Mobile design
Terminology
- Responsive Web
- A Web development concept focusing on making sites look and behave optimally on all devices, from desktop to mobile, using the same served web files.
- Adaptive Web
- An outdated method of serving specialized content files to a browser based on the device it's running on.
- Content Parity
- A measure of content consistency between mobile and desktop versions of the same website.
- Viewport
- The viewable area of a website within the browser window.
- Media Queries
- A feature of CSS that enables webpage content to adapt to different screen sizes, orientations, aspect ratios and mediums (e.g. print vs screen). It does this with conditional code blocks (i.e.
if
statements for CSS). - Breakpoint
- Points in responsive design where website presentation obviously changes due to changing viewport characteristics (width, orientation, etc).
- Hamburger Menu
- A button in websites and apps that typically opens up into a vertical menu or navigation drawer.
- Card Pattern
- A convenient means of displaying content composed of different types of objects. They are also well-suited for presenting similar objects whose size or supported actions can vary considerably, like photos with captions of variable length
Key Takeaways
There are many things to consider when designing for both mobile and desktop screens but here are the key constraints we will be focusing on in this program:
- Layout
- Navigation and content would never "overflow" the screen, creating a horizontal scroll bar. At narrow screen widths, navigation is often replaced with a Hamburger toggle.

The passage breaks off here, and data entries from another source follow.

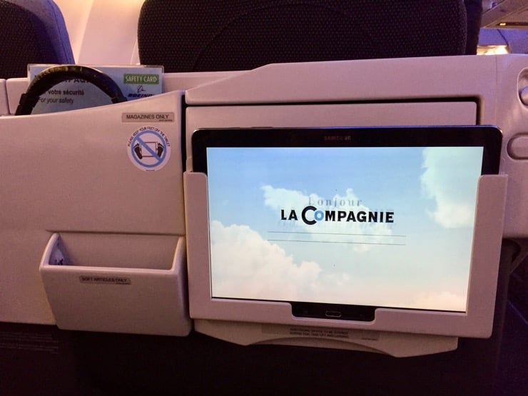 Quelques dizaines de minutes d'attente et nous voilà à bord de notre Boeing. L'accueil administré par les 3 hôtesses est très chaleureux et professionnel. Nous nous installons à bord et découvrons le fameux siège où nous allons passer plus de 7 heures de vol. Du côté des divertissements, ce sera une tablette Samsung qui nous permettra de visionner des films, de lire des magazines ou bien d'écouter de la musique. Le concept est très sympa et permet de prendre la tablette en main pour lire, bien plus agréable.
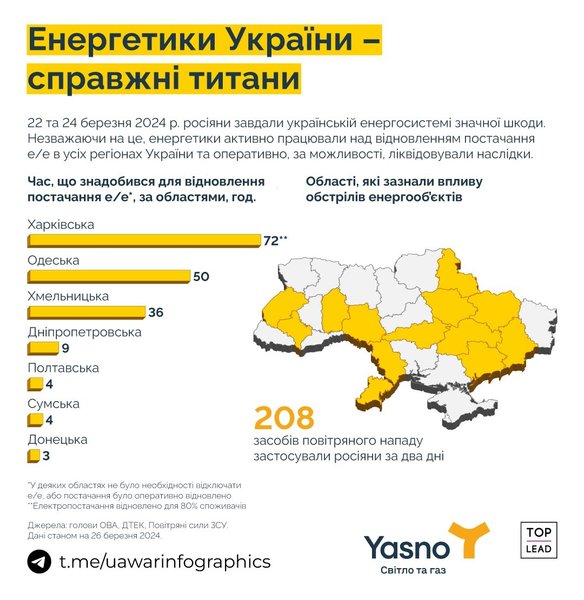 При составлении инфографики учитывали информацию, предоставленную главами ОВА, ДТЭК, Воздушными силами ВСУ. Данные указаны по состоянию на 26 марта 2024 года.
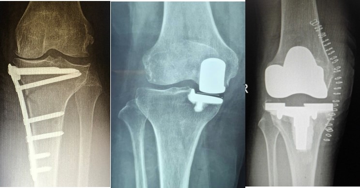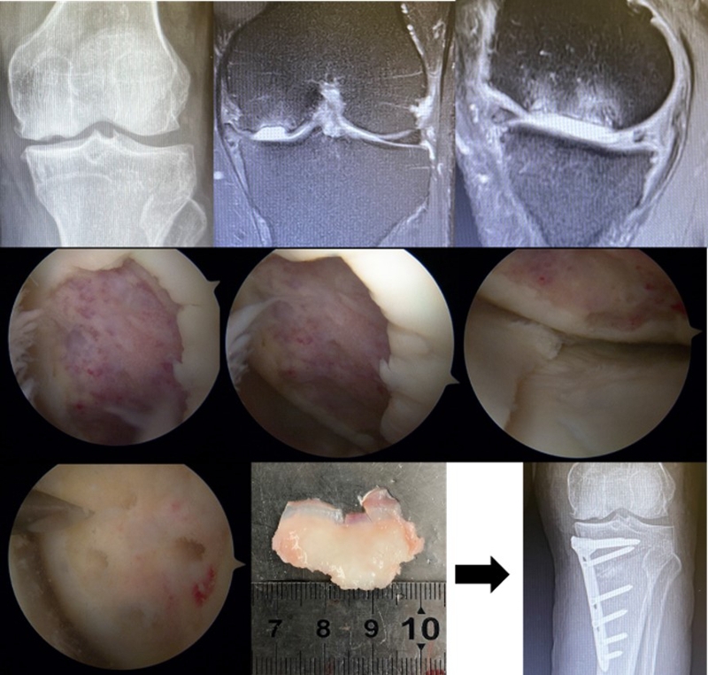 手术治疗包括关节镜下髓芯减压术、自体软骨移植术、HTO、关节置换术(UKA、TKA)。
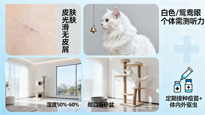 预防措施:选购白色个体时需排查听力状况,成年后每年进行皮肤检查与听力测试;每月体外驱虫,每季度体内驱虫,定期接种猫三联与狂犬病疫苗;老年猫(10 岁以上)需每半年体检一次,重点排查肾功能与关节健康。
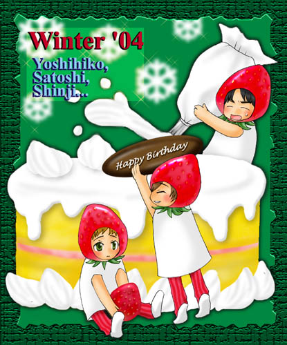イチゴの被り物をさせてみたかっただけなんですがね。 色塗るの楽しかった〜(*^-^*)♪ ケーキの部分、一応こだわってみたんだけど ・・・なんか全然見えなくなっちゃった(T_T)。
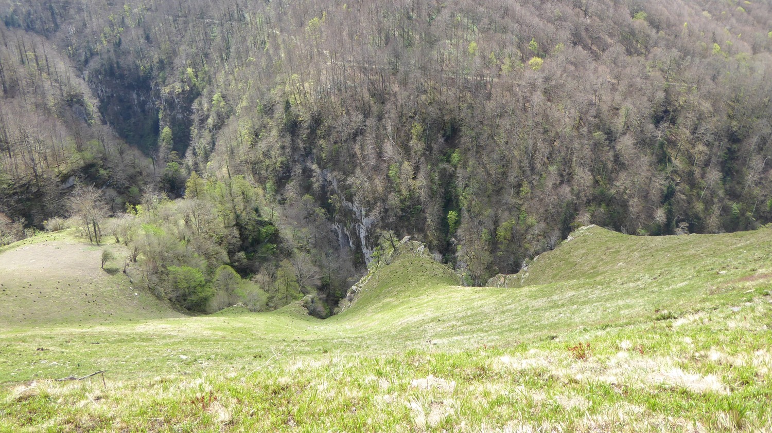 | The gorge is too steep to really be appreciated, but here we can sense a little bit of it. The path that can be seen between the trees on the other side, is the path that I walked in the outward direction earlier. | ||||
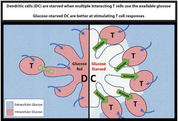 但是,这一最新研究却发现了不一样的现象:当负责监测危险信号的树状突细胞(dendritic cells)缺乏葡萄糖时,它们反而能够更好地刺激T淋巴细胞,行使免疫防御功能。
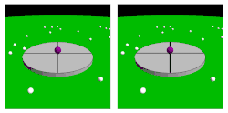 Figure 5 shows another example comparing the observations of an inertial observer with those of an observer on a rotating carousel.[45] The carousel rotates at a constant angular velocity represented by the vector Ω with magnitude ω, pointing upward according to the right-hand rule. A rider on the carousel walks radially across it at a constant speed, in what appears to the walker to be the straight line path inclined at 45° in Figure 5. To the stationary observer, however, the walker travels a spiral path. The points identified on both paths in Figure 5 correspond to the same times spaced at equal time intervals. We ask how two observers, one on the carousel and one in an inertial frame, formulate what they see using Newton's laws.
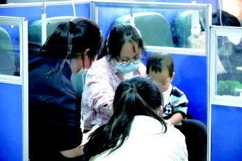 “医生,我的孩子发高烧了!”“医生,孩子咳嗽都好几天了!”……记者挤过人群来到儿科门诊4诊间周嘉云主任的诊室,还未排到的家长不断打开门向内探视,室内的家长则焦急地向医生询问孩子的病症。“张嘴,啊……我看看。”周嘉云有序地为前来就诊的孩子做检查、开处方,让原本焦急的家长也渐渐安定下来。

- Content will often be displayed using the card pattern. On mobile, these cards will display in a single column. See: "Gridish" flexbox in this Codepen.
- In general, content should not touch the edge of the screen on mobile. There should be a visible "scroll track" letting the user know where to scroll with their finger.
- When/if content reaches its maximum page width on desktop screens, the content should be centered. This website is an example.
- Web Typography
- Body text line length should not be longer than 95 characters or shorter than 25ch (unless it's a heading).
- Font size should be smaller on mobile than on desktop. This is called fluid typography.
- See: Responsive Text: Max Line Length with Fluid Typography
Responsive layout is all about width
Horizontal scroll bars should be avoided in most circumstances. Since screen widths will vary from 400px
to at least 2000px
, this constraint leads to a number of common design patterns:
Text Line length
Text is most readable at line lengths between 30 and 90 characters long. This should be a priority when planning out a design (also see the typography triad).
- Font-size should be smaller on mobile screens to ensure a line length of at least 30 characters.
- Text boxes should have a maximum width set, in order to prevent line lengths of more than 90 characters.
- Given their larger
font-size
, multi-line headings are often readable at lengths shorter than 25 characters.
Layout
Responsive content often follows the card pattern in order to simplify the layouts required for varying screen widths.
- An image will often scale to fit the width of its parent container (which could be a card or an entire column on a page).
- When a row of multiple cards or images are too wide for the screen, they will wrap and create more rows.
- In general, layouts and galleries will be a single column on mobile and multiple columns at larger screen widths.
- To accommodate very large screen widths, (
2000px
or larger) page of content will often reach a maximum width and distribute extra negative space equally on either side of the page.
Navigation
It's imperative that page navigation is not compromised at any screen width. When a screen is too narrow for a horizontal navigation menu, it will usually either:
- become a vertical navigation menu, or
- be replaced by a hamburger menu that will toggle a vertical navigation menu.